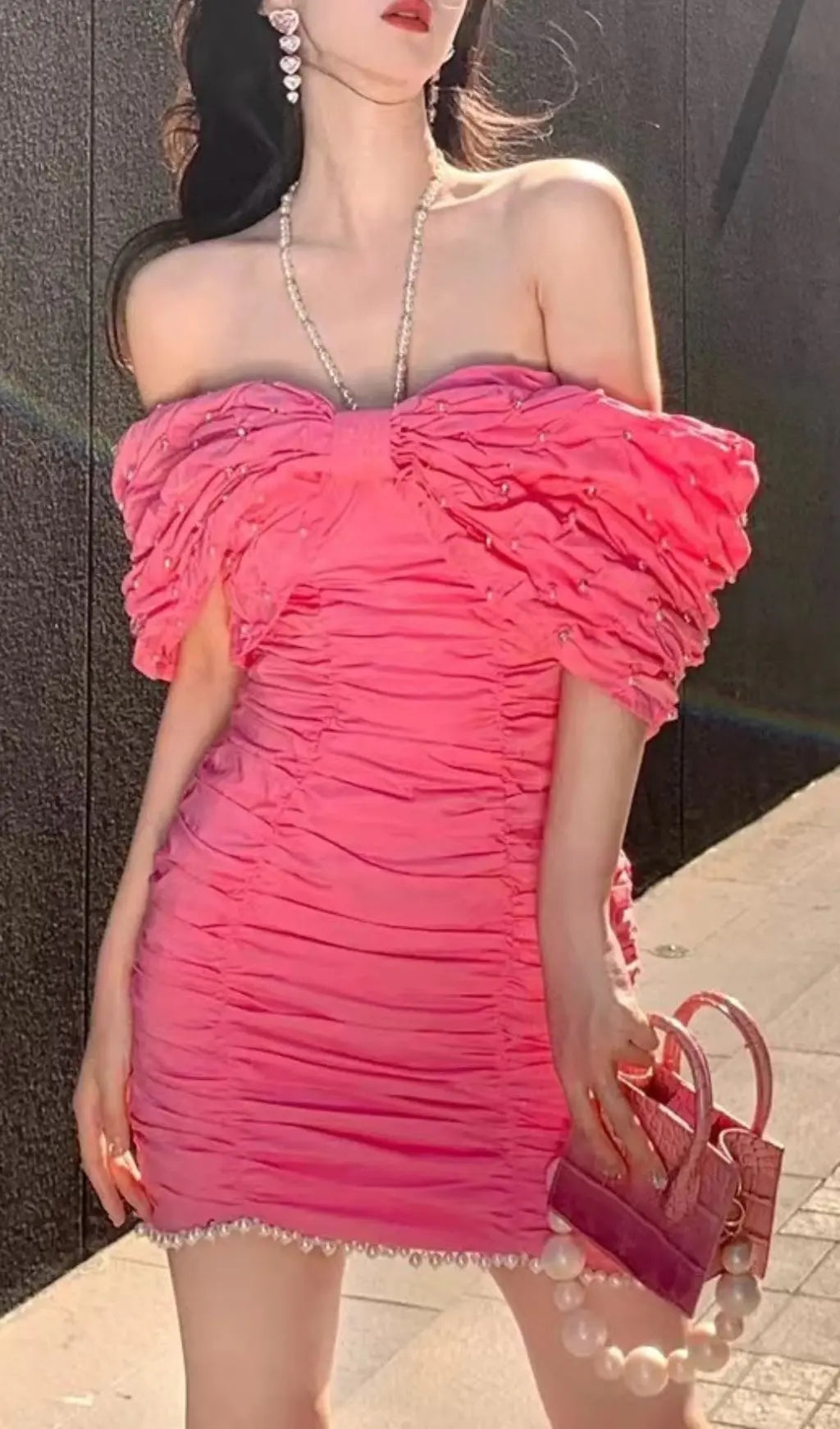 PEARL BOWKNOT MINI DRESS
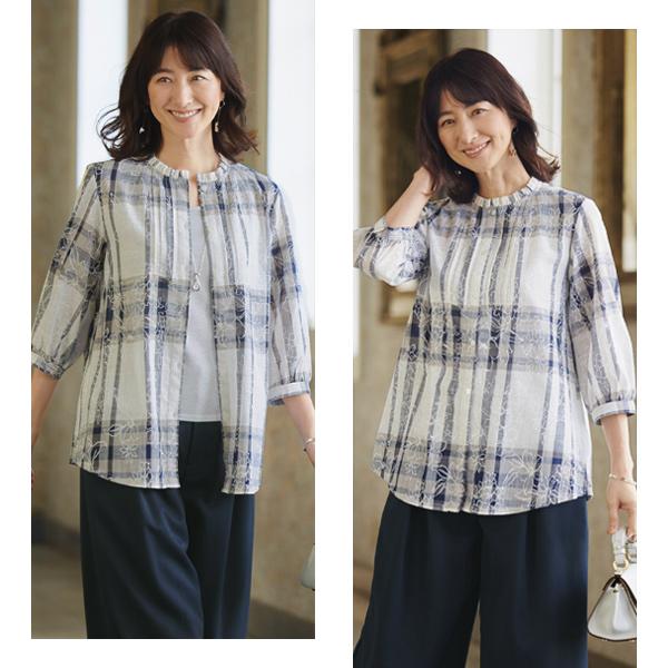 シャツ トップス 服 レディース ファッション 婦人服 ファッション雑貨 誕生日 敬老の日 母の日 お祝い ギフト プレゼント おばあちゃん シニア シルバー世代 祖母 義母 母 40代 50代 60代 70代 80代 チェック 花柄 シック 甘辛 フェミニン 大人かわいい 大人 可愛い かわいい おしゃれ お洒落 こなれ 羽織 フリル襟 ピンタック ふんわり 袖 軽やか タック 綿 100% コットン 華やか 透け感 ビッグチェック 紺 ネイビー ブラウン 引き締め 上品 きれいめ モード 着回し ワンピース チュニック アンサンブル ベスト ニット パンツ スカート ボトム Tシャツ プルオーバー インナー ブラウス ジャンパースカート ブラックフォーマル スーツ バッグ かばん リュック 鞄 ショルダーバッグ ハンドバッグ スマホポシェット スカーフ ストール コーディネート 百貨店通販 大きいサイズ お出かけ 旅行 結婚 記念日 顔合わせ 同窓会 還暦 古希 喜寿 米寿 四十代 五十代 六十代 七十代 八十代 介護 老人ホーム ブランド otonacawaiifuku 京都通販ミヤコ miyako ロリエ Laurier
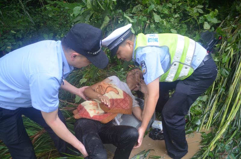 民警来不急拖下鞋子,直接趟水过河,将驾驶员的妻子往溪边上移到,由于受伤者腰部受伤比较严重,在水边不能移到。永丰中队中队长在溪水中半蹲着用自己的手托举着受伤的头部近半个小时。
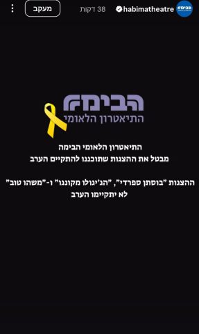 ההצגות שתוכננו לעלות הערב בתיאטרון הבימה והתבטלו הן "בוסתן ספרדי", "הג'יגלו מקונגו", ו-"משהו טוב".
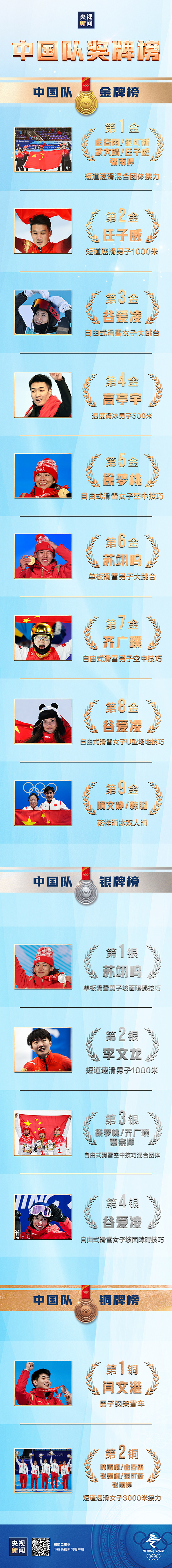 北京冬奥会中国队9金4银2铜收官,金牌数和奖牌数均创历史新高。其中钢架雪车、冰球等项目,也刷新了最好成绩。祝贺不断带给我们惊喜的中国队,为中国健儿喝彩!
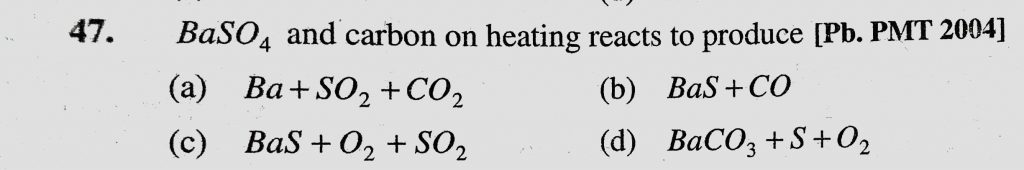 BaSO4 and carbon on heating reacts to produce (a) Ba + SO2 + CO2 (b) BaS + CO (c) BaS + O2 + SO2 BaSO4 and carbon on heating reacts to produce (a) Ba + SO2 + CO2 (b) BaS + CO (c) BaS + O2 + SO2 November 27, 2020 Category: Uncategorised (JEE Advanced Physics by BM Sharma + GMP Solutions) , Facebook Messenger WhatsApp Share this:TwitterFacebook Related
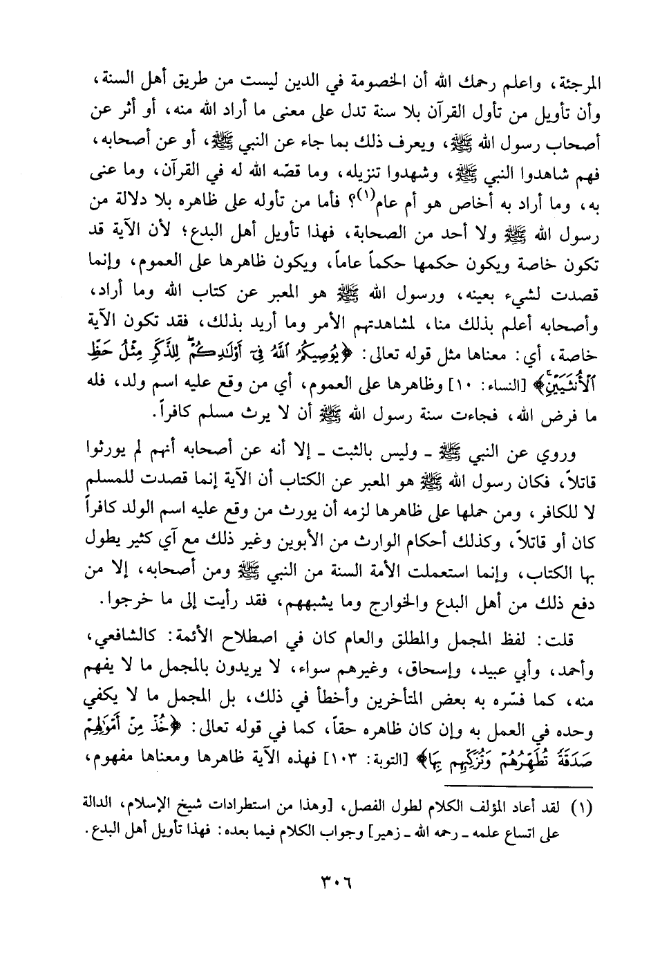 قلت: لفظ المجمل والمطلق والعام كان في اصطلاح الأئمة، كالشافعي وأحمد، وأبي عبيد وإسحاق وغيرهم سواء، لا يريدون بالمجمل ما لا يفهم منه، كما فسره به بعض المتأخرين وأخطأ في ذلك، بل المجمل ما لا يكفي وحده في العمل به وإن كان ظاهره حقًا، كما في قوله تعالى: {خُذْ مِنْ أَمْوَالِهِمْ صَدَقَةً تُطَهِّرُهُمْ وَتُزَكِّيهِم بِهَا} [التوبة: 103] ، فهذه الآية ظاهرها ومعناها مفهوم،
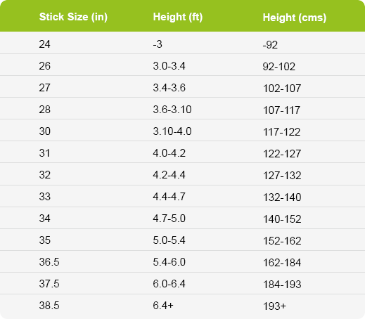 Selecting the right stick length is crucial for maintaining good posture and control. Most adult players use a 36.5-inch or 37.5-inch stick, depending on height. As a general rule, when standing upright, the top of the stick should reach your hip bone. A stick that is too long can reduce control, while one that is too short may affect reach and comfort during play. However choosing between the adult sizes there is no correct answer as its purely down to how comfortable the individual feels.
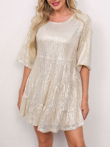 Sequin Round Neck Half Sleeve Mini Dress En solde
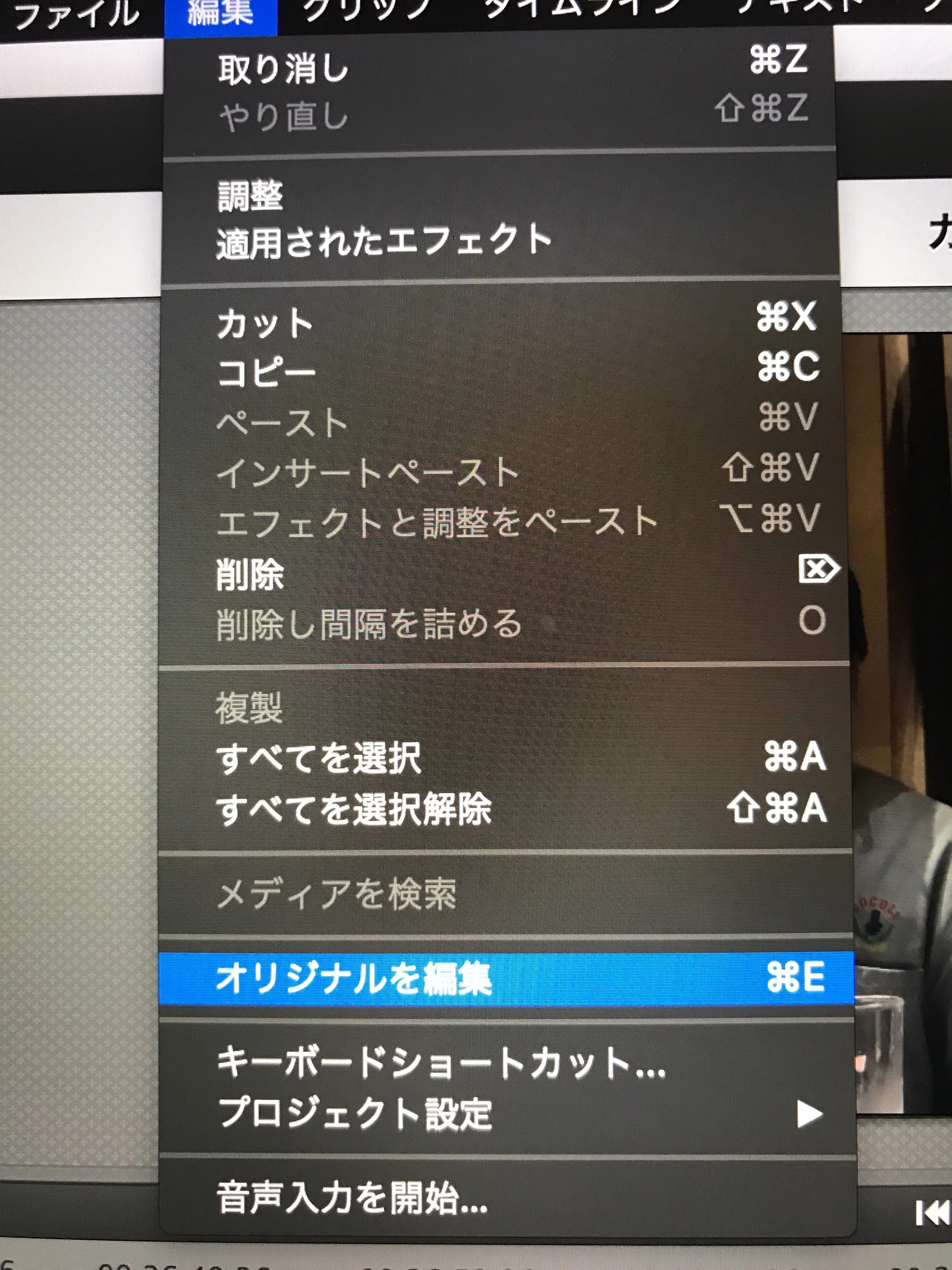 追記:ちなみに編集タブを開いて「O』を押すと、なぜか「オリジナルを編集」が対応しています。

TASK DESCRIPTION >> Without the pictures, copy out all the records above exactly.

RESULT OF THIS EXERCISE >>
 PEARL BOWKNOT MINI DRESS
 シャツ トップス 服 レディース ファッション 婦人服 ファッション雑貨 誕生日 敬老の日 母の日 お祝い ギフト プレゼント おばあちゃん シニア シルバー世代 祖母 義母 母 40代 50代 60代 70代 80代 チェック 花柄 シック 甘辛 フェミニン 大人かわいい 大人 可愛い かわいい おしゃれ お洒落 こなれ 羽織 フリル襟 ピンタック ふんわり 袖 軽やか タック 綿 100% コットン 華やか 透け感 ビッグチェック 紺 ネイビー ブラウン 引き締め 上品 きれいめ モード 着回し ワンピース チュニック アンサンブル ベスト ニット パンツ スカート ボトム Tシャツ プルオーバー インナー ブラウス ジャンパースカート ブラックフォーマル スーツ バッグ かばん リュック 鞄 ショルダーバッグ ハンドバッグ スマホポシェット スカーフ ストール コーディネート 百貨店通販 大きいサイズ お出かけ 旅行 結婚 記念日 顔合わせ 同窓会 還暦 古希 喜寿 米寿 四十代 五十代 六十代 七十代 八十代 介護 老人ホーム ブランド otonacawaiifuku 京都通販ミヤコ miyako ロリエ Laurier
 民警来不急拖下鞋子,直接趟水过河,将驾驶员的妻子往溪边上移到,由于受伤者腰部受伤比较严重,在水边不能移到。永丰中队中队长在溪水中半蹲着用自己的手托举着受伤的头部近半个小时。
 ההצגות שתוכננו לעלות הערב בתיאטרון הבימה והתבטלו הן "בוסתן ספרדי", "הג'יגלו מקונגו", ו-"משהו טוב".
 北京冬奥会中国队9金4银2铜收官,金牌数和奖牌数均创历史新高。其中钢架雪车、冰球等项目,也刷新了最好成绩。祝贺不断带给我们惊喜的中国队,为中国健儿喝彩!
 BaSO4 and carbon on heating reacts to produce (a) Ba + SO2 + CO2 (b) BaS + CO (c) BaS + O2 + SO2 BaSO4 and carbon on heating reacts to produce (a) Ba + SO2 + CO2 (b) BaS + CO (c) BaS + O2 + SO2 November 27, 2020 Category: Uncategorised (JEE Advanced Physics by BM Sharma + GMP Solutions) , Facebook Messenger WhatsApp Share this:TwitterFacebook Related
 قلت: لفظ المجمل والمطلق والعام كان في اصطلاح الأئمة، كالشافعي وأحمد، وأبي عبيد وإسحاق وغيرهم سواء، لا يريدون بالمجمل ما لا يفهم منه، كما فسره به بعض المتأخرين وأخطأ في ذلك، بل المجمل ما لا يكفي وحده في العمل به وإن كان ظاهره حقًا، كما في قوله تعالى: {خُذْ مِنْ أَمْوَالِهِمْ صَدَقَةً تُطَهِّرُهُمْ وَتُزَكِّيهِم بِهَا} [التوبة: 103] ، فهذه الآية ظاهرها ومعناها مفهوم،
 Selecting the right stick length is crucial for maintaining good posture and control. Most adult players use a 36.5-inch or 37.5-inch stick, depending on height. As a general rule, when standing upright, the top of the stick should reach your hip bone. A stick that is too long can reduce control, while one that is too short may affect reach and comfort during play. However choosing between the adult sizes there is no correct answer as its purely down to how comfortable the individual feels.
 Sequin Round Neck Half Sleeve Mini Dress En solde
 追記:ちなみに編集タブを開いて「O』を押すと、なぜか「オリジナルを編集」が対応しています。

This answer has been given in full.